**Exercise description**:
In your copy, repeat the records exactly and leave out the pictures.

**Dataset content**:
*** Block opens ***

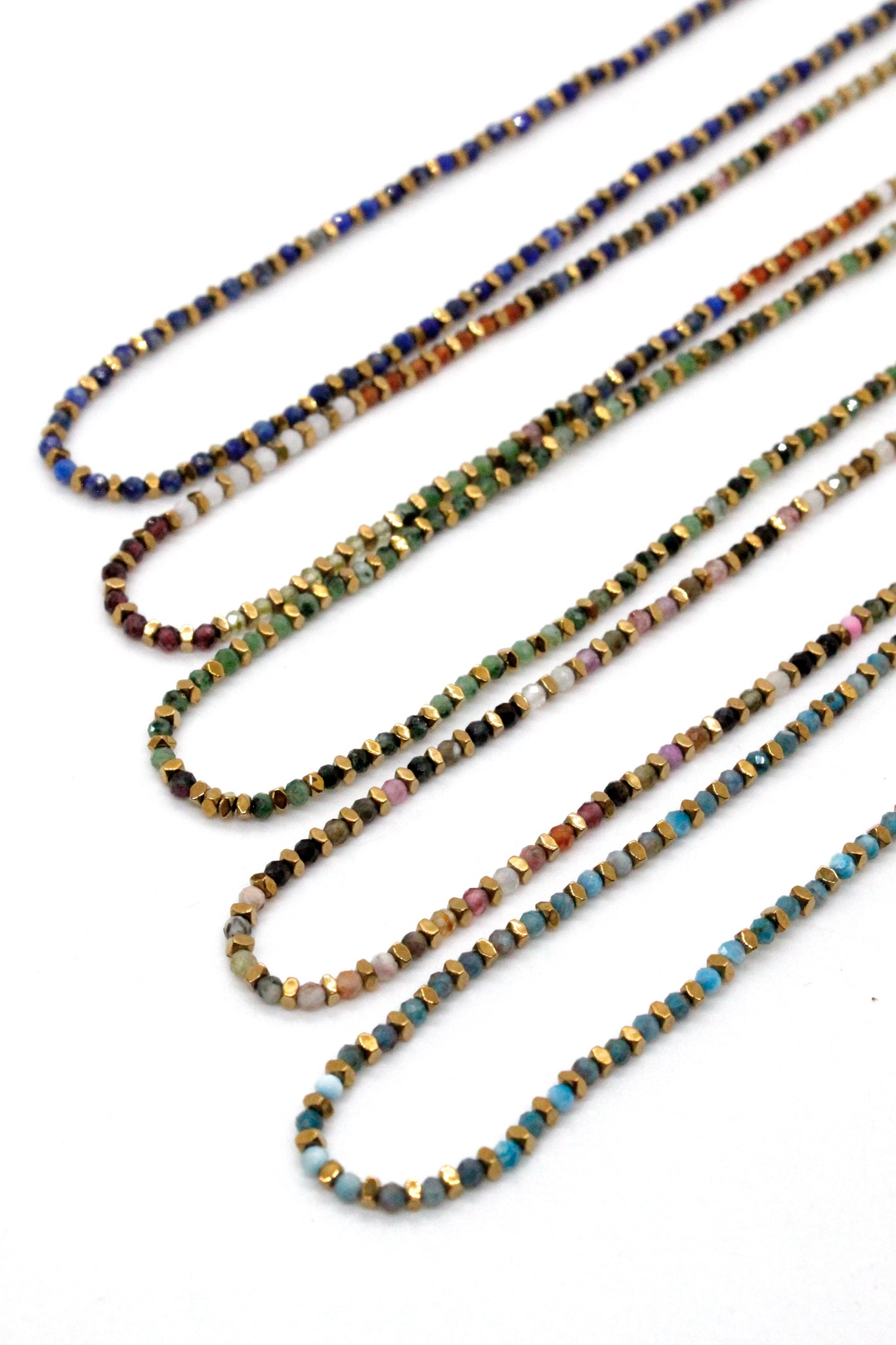 Skip to contentMini Gold Nugget and Faceted Stone Single Strand Necklace
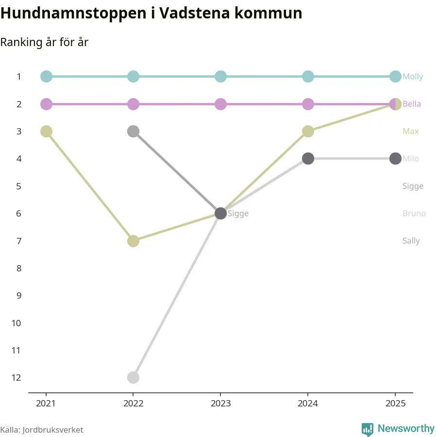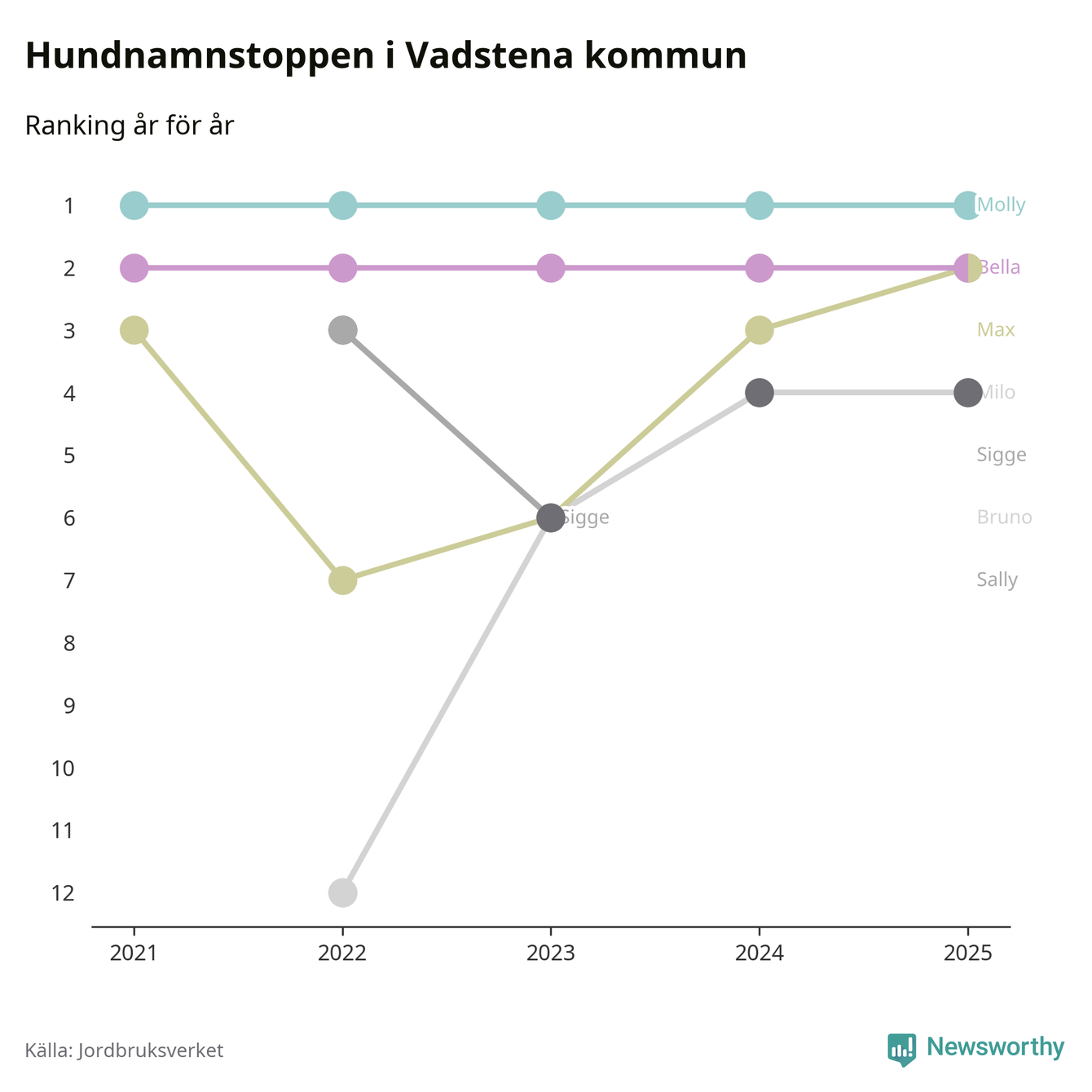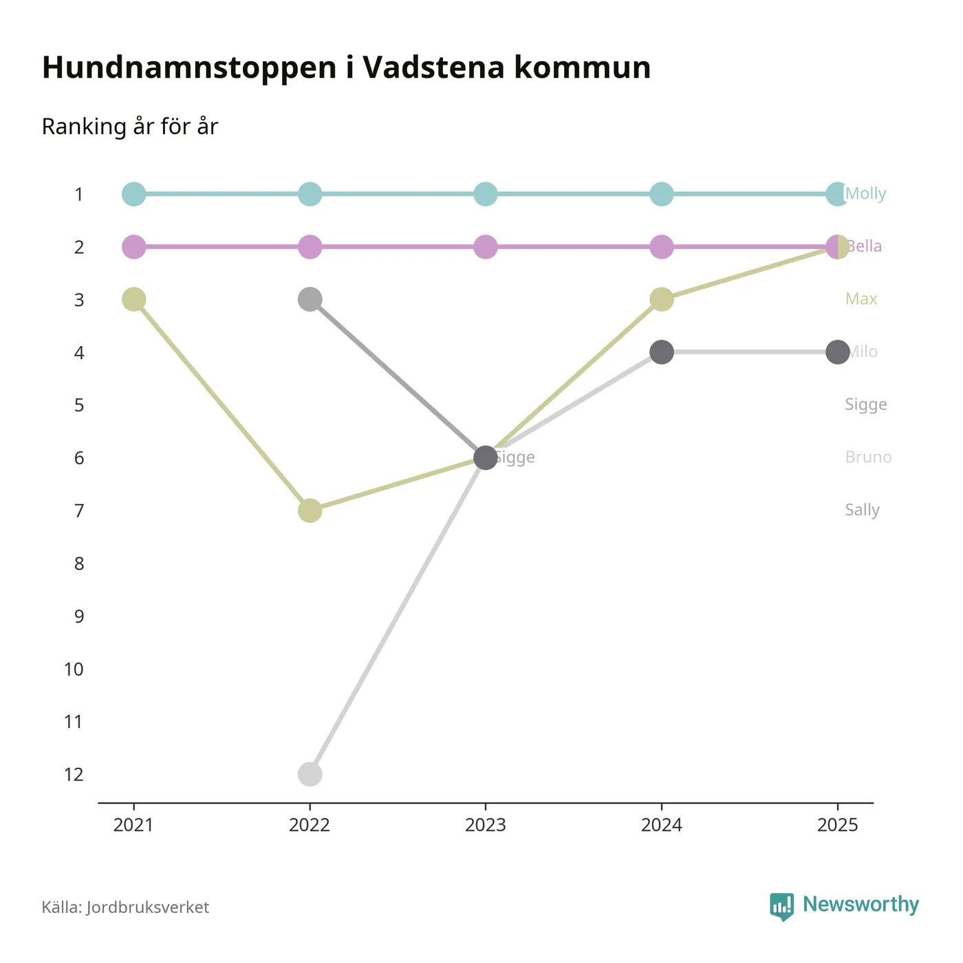 Molly är fortsatt ohotad etta bland hundnamnen i Sverige, följt av Bella och Charlie. Så har det sett ut flera år i rad, och även bland Vadstenahundarna ligger alltså Molly i topp.
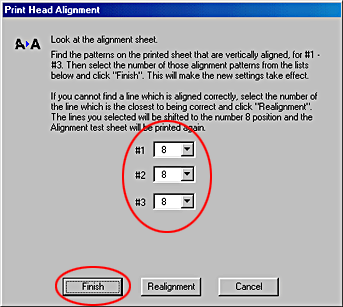 From each pattern on the printed test sheet, choose the vertical line that is aligned best. For each pattern, select the corresponding line number from the appropriate drop-down list box in the Print Head Alignment dialog box, then click Finish to put the new settings into effect.
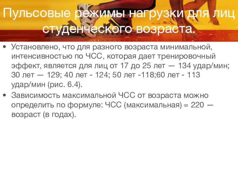 Слайд 14Пульсовые режимы нагрузки для лиц студенческого возраста.
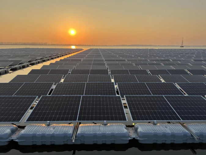 近日,位于安徽省淮南市丁集礦采煤沉陷區(qū)5300畝的水面上,37.28萬片藍(lán)色光伏板整齊排列,在陽光照射下與波光粼粼的水面交相輝映,格外壯麗。
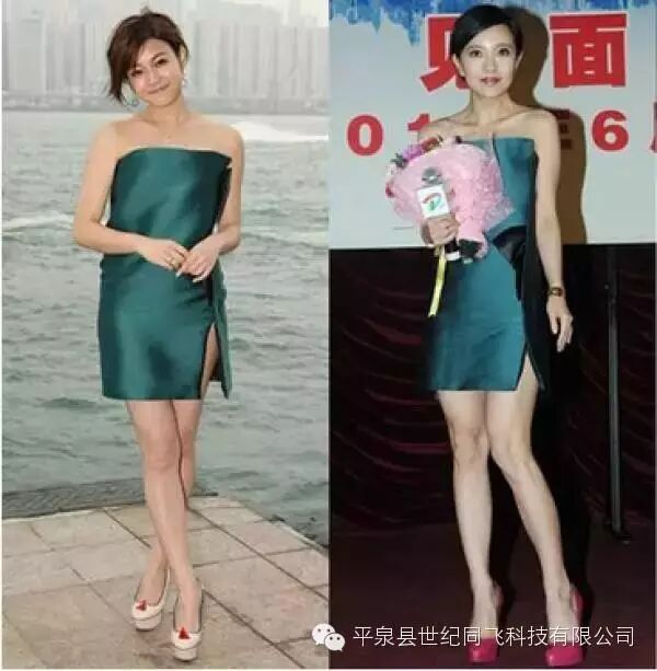 陈妍希和郭采洁都穿了这件深绿色高开叉礼服。身材略胖的陈妍希穿起来身体没有曲线,郭采洁身材纤瘦,驾驭住了这件衣服。

*** Block closes ***

**Result of this exercise**:
 Skip to contentMini Gold Nugget and Faceted Stone Single Strand Necklace
 Molly är fortsatt ohotad etta bland hundnamnen i Sverige, följt av Bella och Charlie. Så har det sett ut flera år i rad, och även bland Vadstenahundarna ligger alltså Molly i topp.
 From each pattern on the printed test sheet, choose the vertical line that is aligned best. For each pattern, select the corresponding line number from the appropriate drop-down list box in the Print Head Alignment dialog box, then click Finish to put the new settings into effect.
 Слайд 14Пульсовые режимы нагрузки для лиц студенческого возраста.
 近日,位于安徽省淮南市丁集礦采煤沉陷區(qū)5300畝的水面上,37.28萬片藍(lán)色光伏板整齊排列,在陽光照射下與波光粼粼的水面交相輝映,格外壯麗。
 陈妍希和郭采洁都穿了这件深绿色高开叉礼服。身材略胖的陈妍希穿起来身体没有曲线,郭采洁身材纤瘦,驾驭住了这件衣服。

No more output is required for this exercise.